**Data block:**
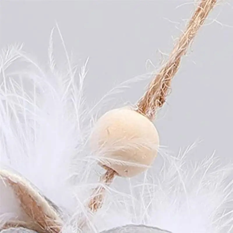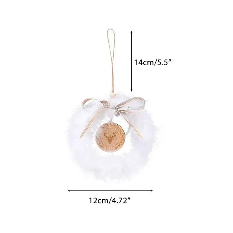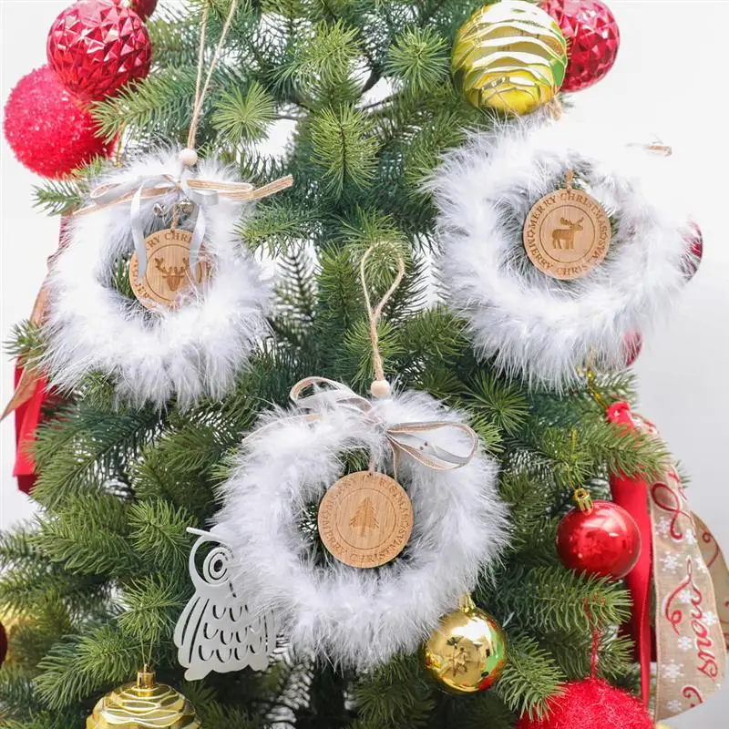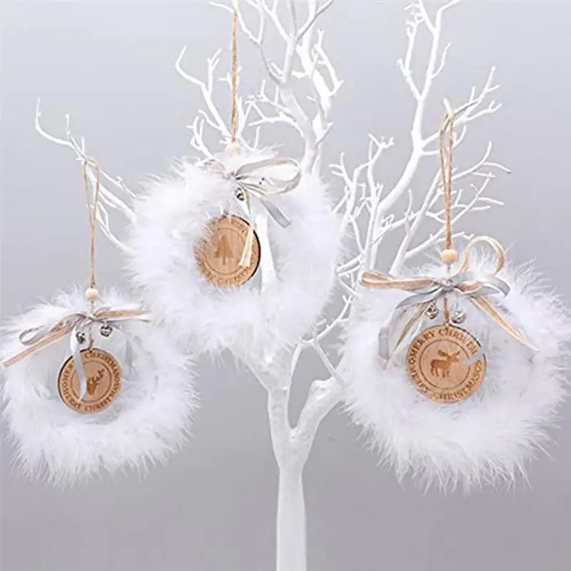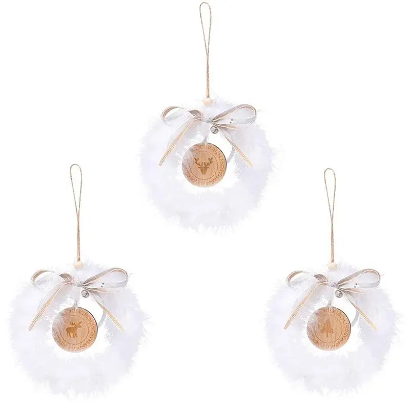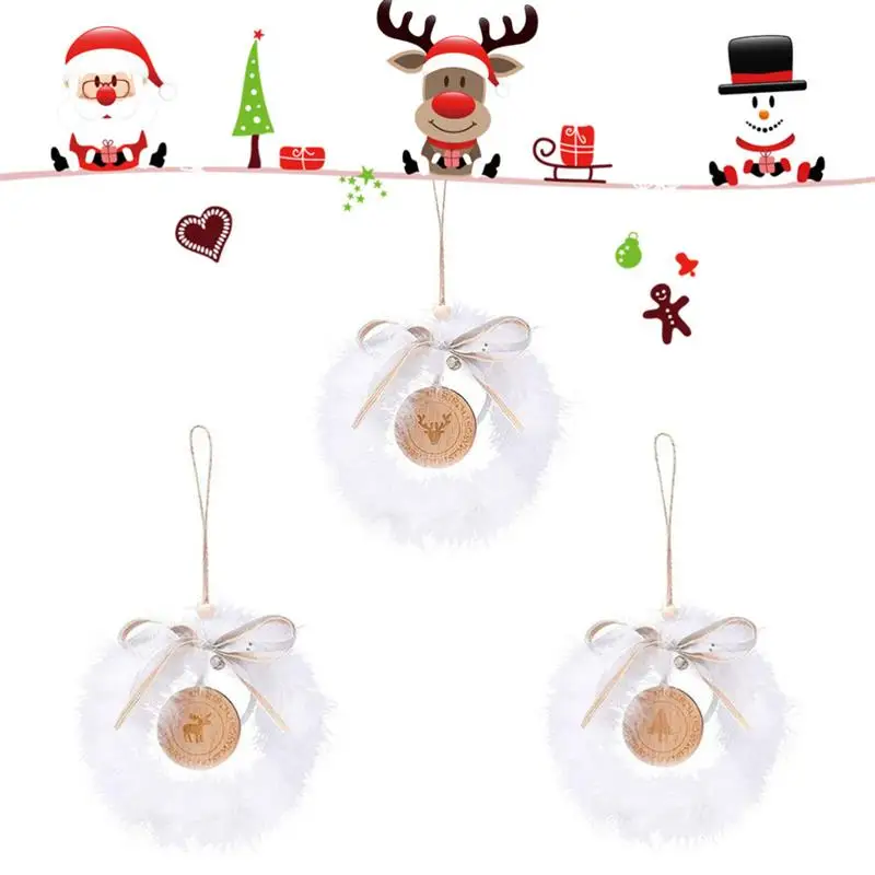 3 шт. Рождественский венок с колокольчиками и белыми искусственными перьями, подвесная Колокольчик для елки, деревянная подвеска, Рождественское украшение
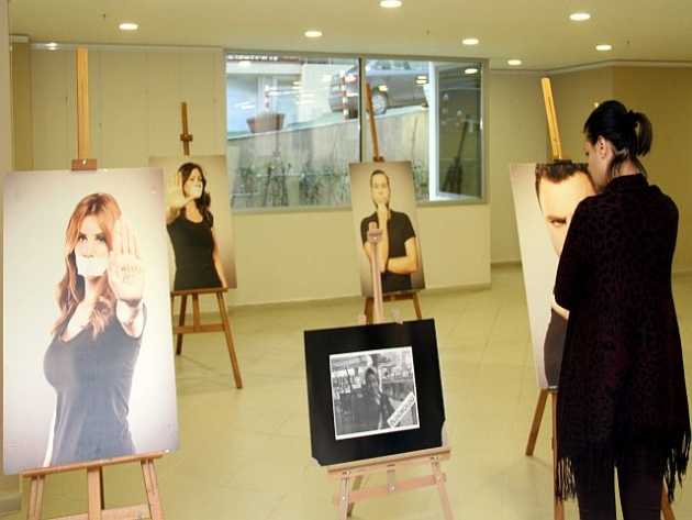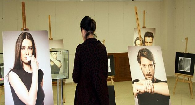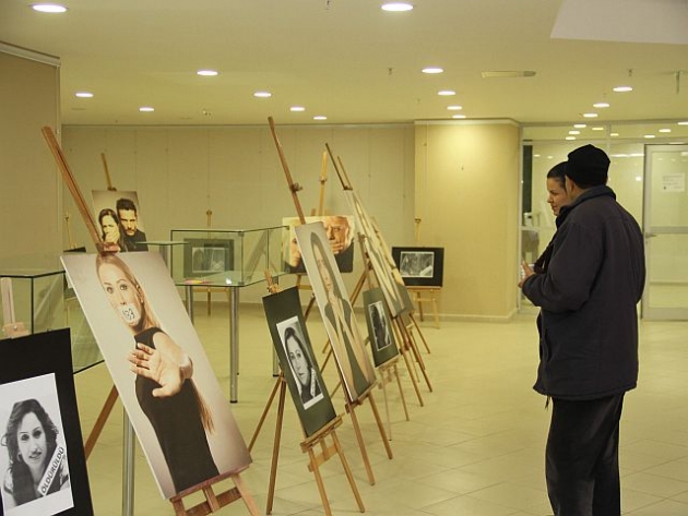 Ünlü isimlerin şiddet görmüş hallerinin fotoğraflanması ile hazırlanan eserlerin yer aldığı sergi, akıllı binaya gelen vatandaşlardan ilgi görüyor.
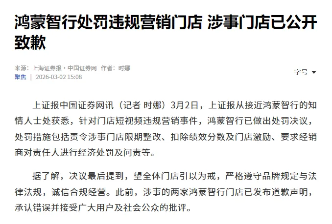 值得一提的,还有鸿蒙智行官方的态度。据财联社3月2日电,记者从知情人士处获悉,鸿蒙智行已对“门店短视频违规营销”事件做出处罚,包括责令涉事门店限期整改、扣除绩效分数及门店激励、要求经销商对责任人进行经济处罚及问责等。

**Required action:** Set down the material exactly as given, but print none of the pictures.

**Output:**
 3 шт. Рождественский венок с колокольчиками и белыми искусственными перьями, подвесная Колокольчик для елки, деревянная подвеска, Рождественское украшение
 Ünlü isimlerin şiddet görmüş hallerinin fotoğraflanması ile hazırlanan eserlerin yer aldığı sergi, akıllı binaya gelen vatandaşlardan ilgi görüyor.
 值得一提的,还有鸿蒙智行官方的态度。据财联社3月2日电,记者从知情人士处获悉,鸿蒙智行已对“门店短视频违规营销”事件做出处罚,包括责令涉事门店限期整改、扣除绩效分数及门店激励、要求经销商对责任人进行经济处罚及问责等。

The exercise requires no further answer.